Packard Surname Meaning, History & Origin

Packard Surname Meaning

The Packard surname originated in Suffolk in England. There is uncertainty about its meaning.  

One view is that Packard is someone who packs and hence might be an occupational name for a peddler.  Another view gives it a Norman French association, from the French word bacard, meaning “combat” or “strong.”

Packard Surname Resources on The Internet

Packard Surname Ancestry

  • from England (Suffolk)
  • to America and Australia

England.  Packard is a Suffolk name and was first found in villages along the coastal plain of Suffolk north and east of Ipswich.

Robert Packard was born in the village of Woodbridge around the year 1410 and the Packard name appeared in Stonham parish later in the century. George Packard was a yeoman farmer at Stonham Aspal in the early 1600’s. His son Samuel Packard emigrated to America in 1638.

The village of Bramford west of Ipswich supplied Suffolk’s best-known Packard family. Edward Packard, born there in the late 1700’s, made his home at Grove House. He was later Mayor of Ipswich.

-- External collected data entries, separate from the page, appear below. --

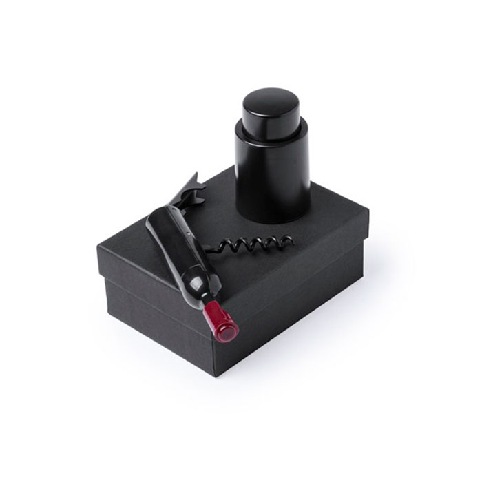 Original set de vinos con sacacorchos en forma de botella de vino y tapón con bomba de vacío. Presentado en estuche individual de cartón negro con interior en suave espuma troquelada. 2 Accesorios
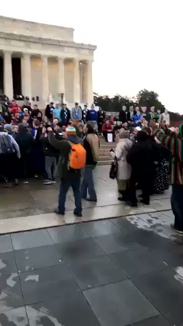 Every year, my school attends the March for Life in D.C. and afterward tours the city. Our chaperones and teachers told us to be at the Lincoln Memorial at 5:30 to be ready for the buses to pick us up. 5:30 came around and we were all gathered at the Memorial. As we are an all-male school that loves to get hyped up…and as we have done for years prior, we decided to do some cheers to pass time.
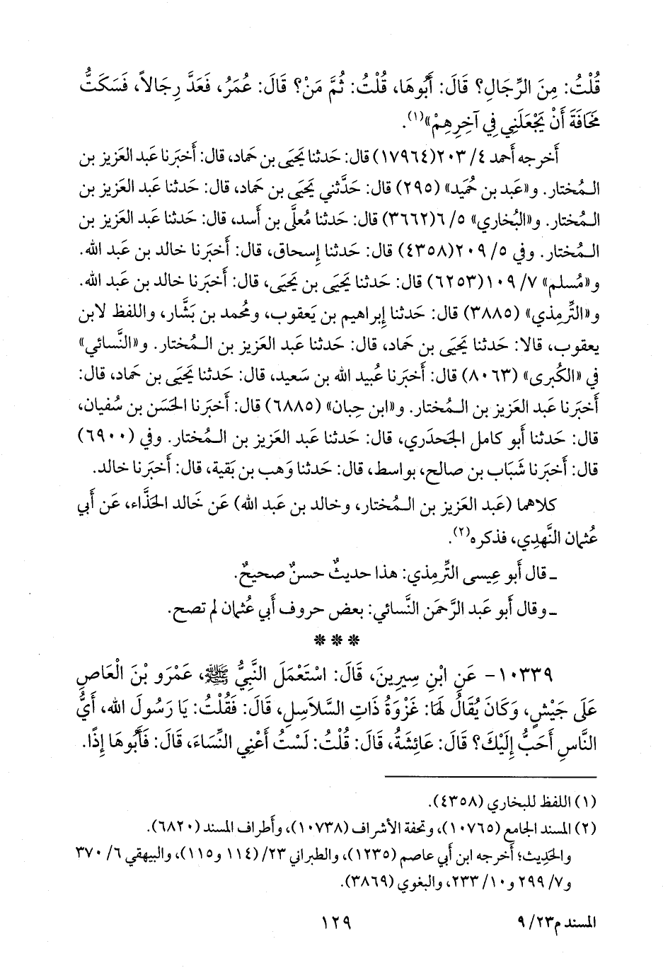 ١٠٣٣٩ - عن ابن سِيرين، قال: استعمل النبي صَلى الله عَليه وسَلم عَمرو بن العاص على جيش، وكان يقال لها: غزوة ذات السلاسل، قال: فقلت: يا رسول الله، أي الناس أحب إليك؟ قال: عائشة، قال: قلت: لست أعني النساء، قال: فأَبوها إذا.
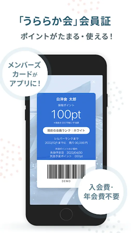You can collect and use the points of "Uraraka Membership Card" that does not require membership fee or annual membership fee! Cardless and refreshing wallet.

His son Edward, subsequently Sir Edward, was a chemist by background. In 1872 he patented a new type of highly concentrated superphosphate and went on to develop Edward Packard & Co. as one of the leading fertilizer companies in England. This company became Fisons in 1919 and he its Chairman. Sir Edward was also an accomplished painter. His son Captain Charles Packard distinguished himself in the fighting in World War One. His daughter Sylvia was also a painter.

The largest number of Packards in the 1881 census were in Framlingham north of Ipswich:

  • Daniel Packard died there in 1682, evidently at a young age as he had only been married seven years.
  • there was a widow Packard in the mid-1700’s and a Rev. Daniel Packard in the mid-1800’s. A branch of the family had settled in nearby Middleton where the Rev. Harrison Packard was the rector in 1844.
  • while Joseph and Emma Packard emigrated from Framlingham to New Zealand on the Bernicia in 1848.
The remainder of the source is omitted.